Exercise description
Only the lines below, from the one with "在各个支部自行观影后,院团委" through the one with "Затонувший город Кекова.", are to be written out, exactly.

───── Dataset entries

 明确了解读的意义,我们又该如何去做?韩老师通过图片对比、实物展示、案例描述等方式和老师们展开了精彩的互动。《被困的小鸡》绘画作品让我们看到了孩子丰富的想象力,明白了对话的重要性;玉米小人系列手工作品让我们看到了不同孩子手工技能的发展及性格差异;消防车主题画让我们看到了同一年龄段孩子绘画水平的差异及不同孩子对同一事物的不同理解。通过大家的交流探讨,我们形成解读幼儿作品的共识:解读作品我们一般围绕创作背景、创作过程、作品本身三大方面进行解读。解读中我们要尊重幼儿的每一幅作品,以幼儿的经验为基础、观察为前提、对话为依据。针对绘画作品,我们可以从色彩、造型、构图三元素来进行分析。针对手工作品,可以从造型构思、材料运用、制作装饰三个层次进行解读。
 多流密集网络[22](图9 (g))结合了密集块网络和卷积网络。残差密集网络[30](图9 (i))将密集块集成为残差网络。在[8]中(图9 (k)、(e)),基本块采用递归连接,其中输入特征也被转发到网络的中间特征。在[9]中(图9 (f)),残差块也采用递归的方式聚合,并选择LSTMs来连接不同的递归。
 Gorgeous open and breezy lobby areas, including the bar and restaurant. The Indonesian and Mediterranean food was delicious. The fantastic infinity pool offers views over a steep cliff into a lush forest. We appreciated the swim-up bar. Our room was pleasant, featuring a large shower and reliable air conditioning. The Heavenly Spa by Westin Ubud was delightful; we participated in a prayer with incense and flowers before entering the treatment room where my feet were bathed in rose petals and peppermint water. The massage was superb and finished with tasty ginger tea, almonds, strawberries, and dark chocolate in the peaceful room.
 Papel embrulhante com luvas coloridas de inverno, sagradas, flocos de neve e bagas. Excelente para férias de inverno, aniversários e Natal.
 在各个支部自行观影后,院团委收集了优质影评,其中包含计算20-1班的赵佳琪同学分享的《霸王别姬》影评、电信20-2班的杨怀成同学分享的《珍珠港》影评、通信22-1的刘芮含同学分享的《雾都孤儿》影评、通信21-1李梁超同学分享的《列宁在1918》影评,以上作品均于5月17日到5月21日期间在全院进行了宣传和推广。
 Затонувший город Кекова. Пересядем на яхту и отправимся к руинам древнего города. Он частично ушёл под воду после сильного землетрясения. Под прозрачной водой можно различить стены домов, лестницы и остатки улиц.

──────────
───── Dataset entries

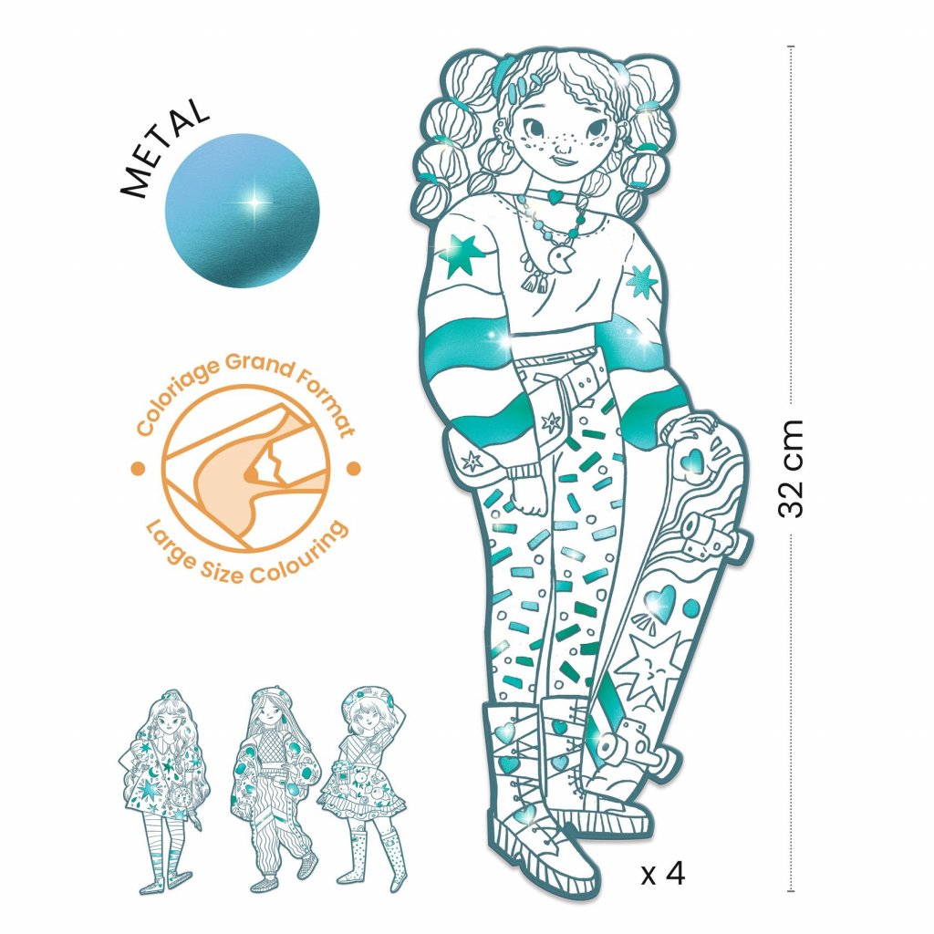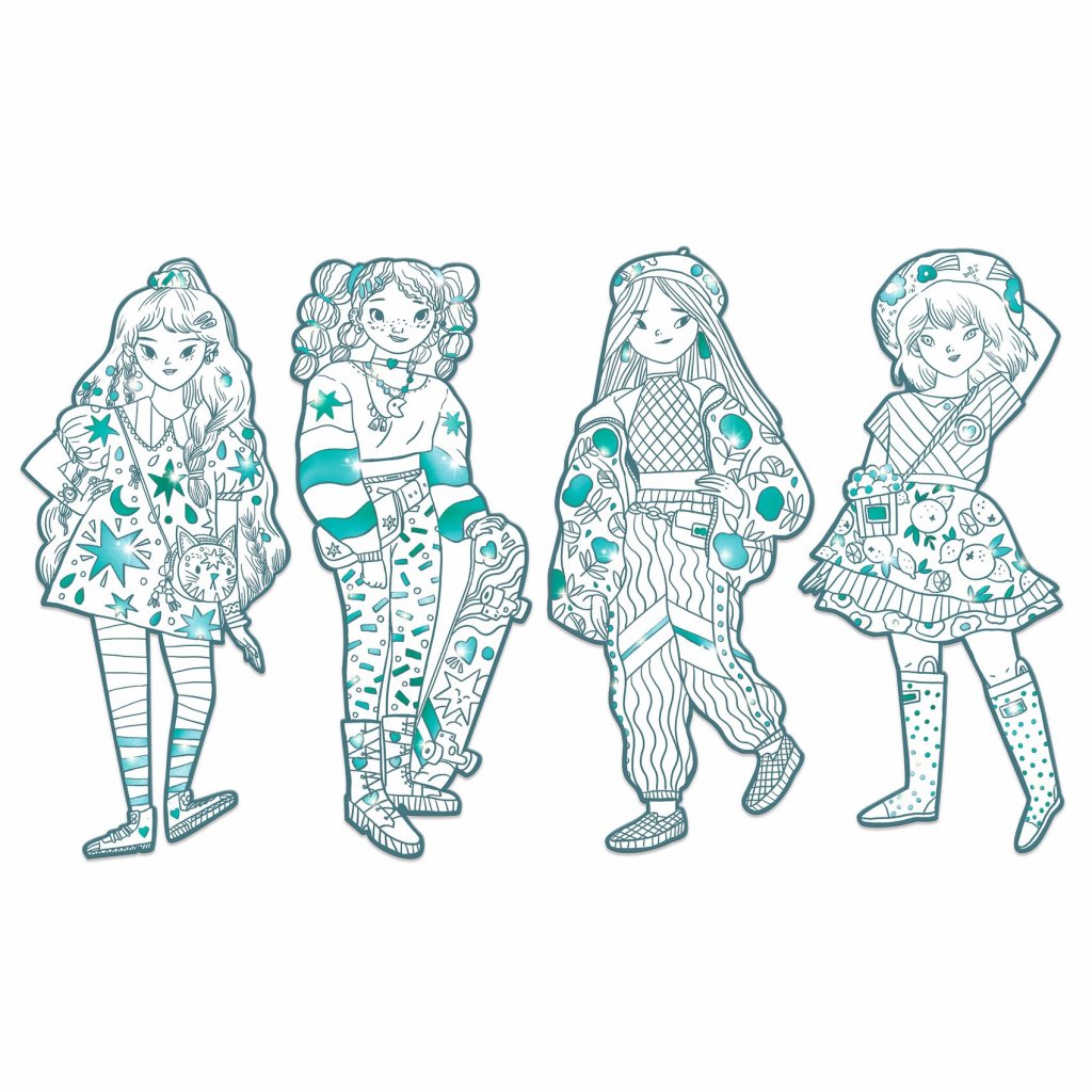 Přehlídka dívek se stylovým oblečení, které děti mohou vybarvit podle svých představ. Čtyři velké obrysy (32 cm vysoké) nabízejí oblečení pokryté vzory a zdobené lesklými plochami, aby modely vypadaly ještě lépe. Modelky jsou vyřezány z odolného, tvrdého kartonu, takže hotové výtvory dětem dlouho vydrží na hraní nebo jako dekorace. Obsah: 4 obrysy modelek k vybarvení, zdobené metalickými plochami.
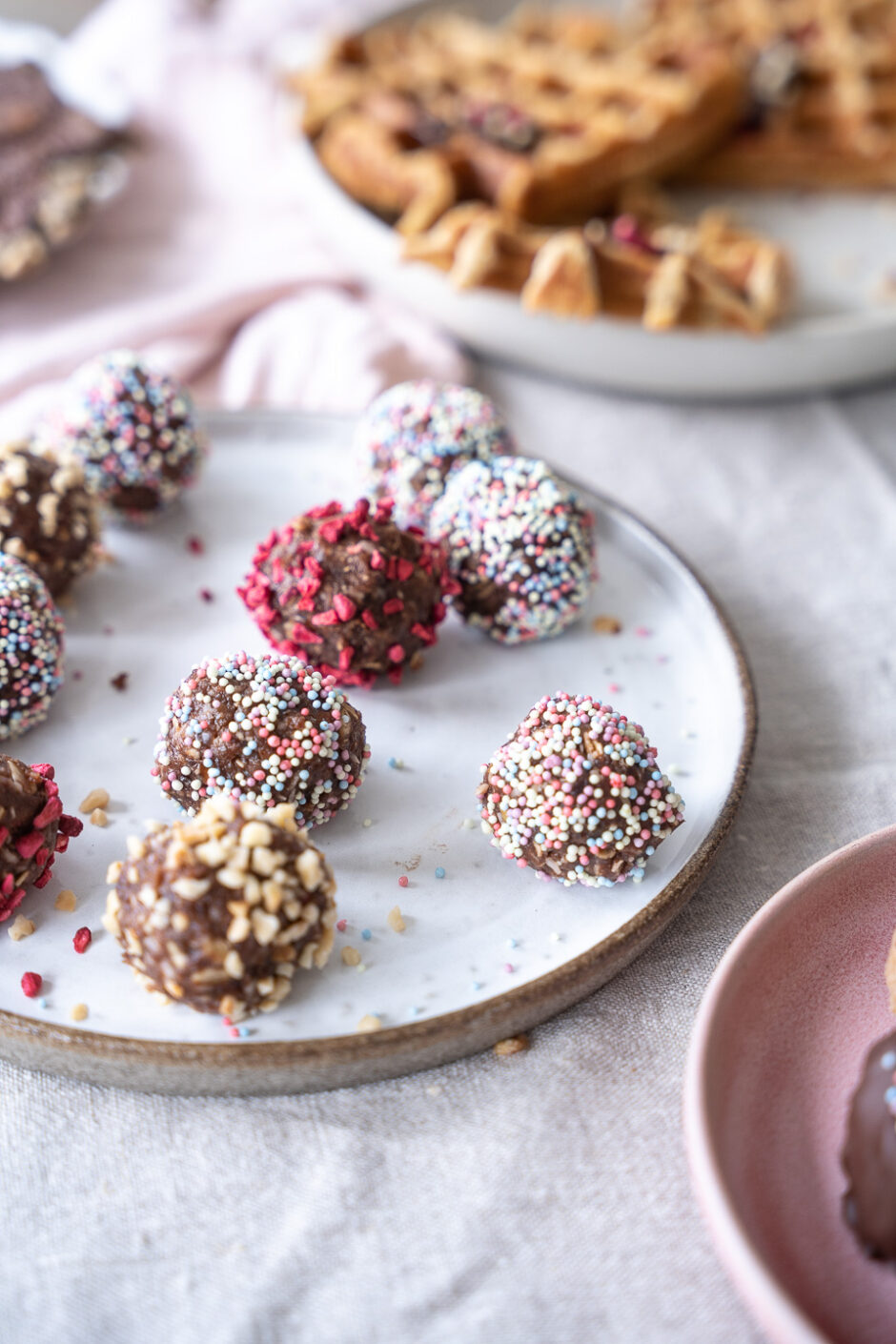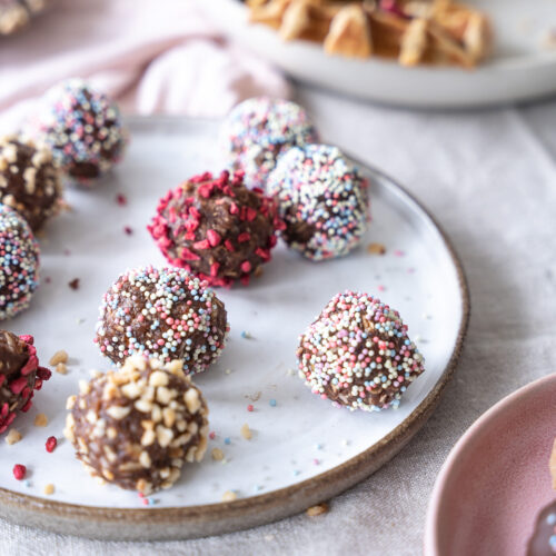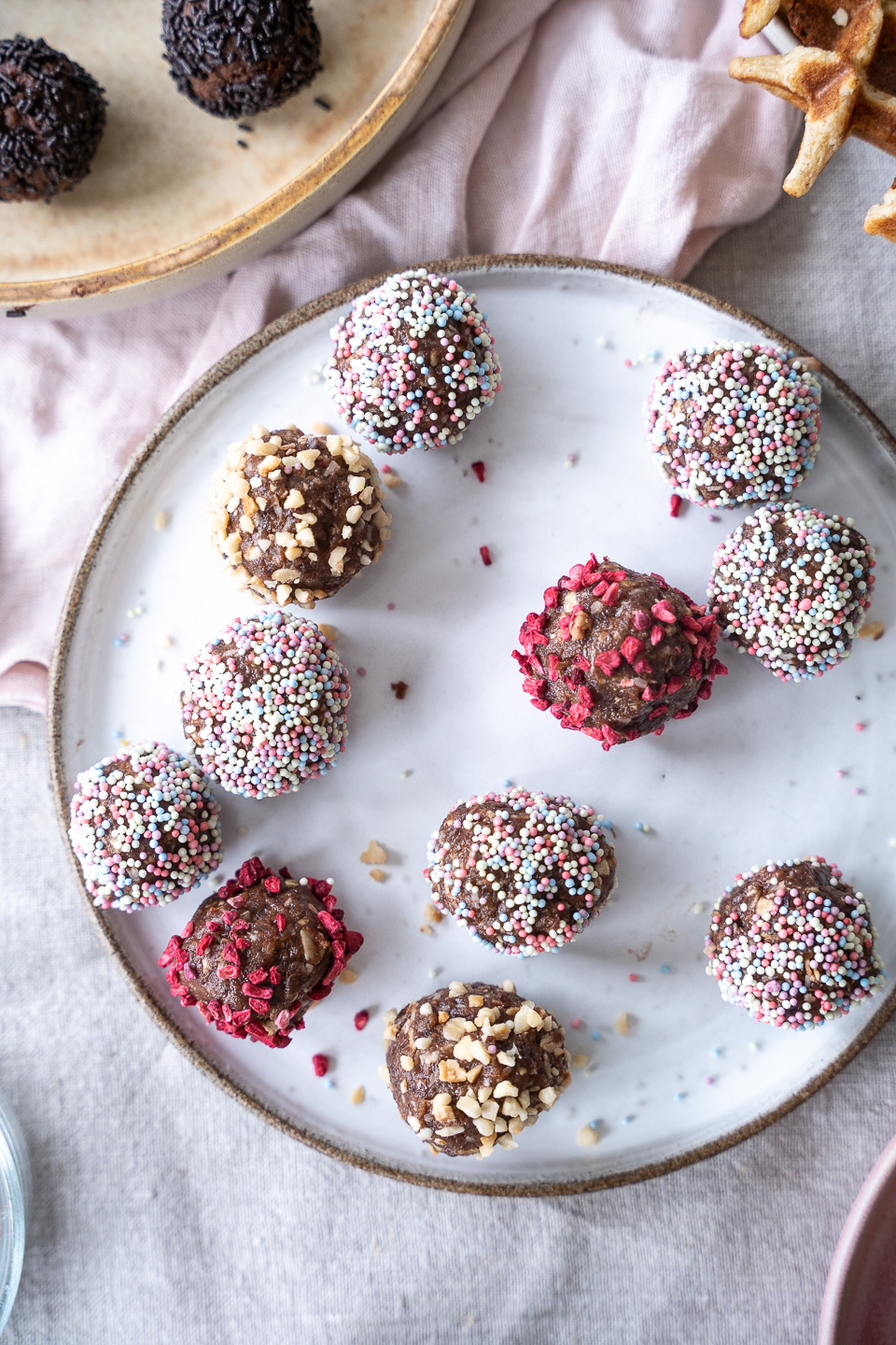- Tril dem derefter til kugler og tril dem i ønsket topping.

──────────

Answer for this exercise
 在各个支部自行观影后,院团委收集了优质影评,其中包含计算20-1班的赵佳琪同学分享的《霸王别姬》影评、电信20-2班的杨怀成同学分享的《珍珠港》影评、通信22-1的刘芮含同学分享的《雾都孤儿》影评、通信21-1李梁超同学分享的《列宁在1918》影评,以上作品均于5月17日到5月21日期间在全院进行了宣传和推广。
 Затонувший город Кекова. Пересядем на яхту и отправимся к руинам древнего города. Он частично ушёл под воду после сильного землетрясения. Под прозрачной водой можно различить стены домов, лестницы и остатки улиц.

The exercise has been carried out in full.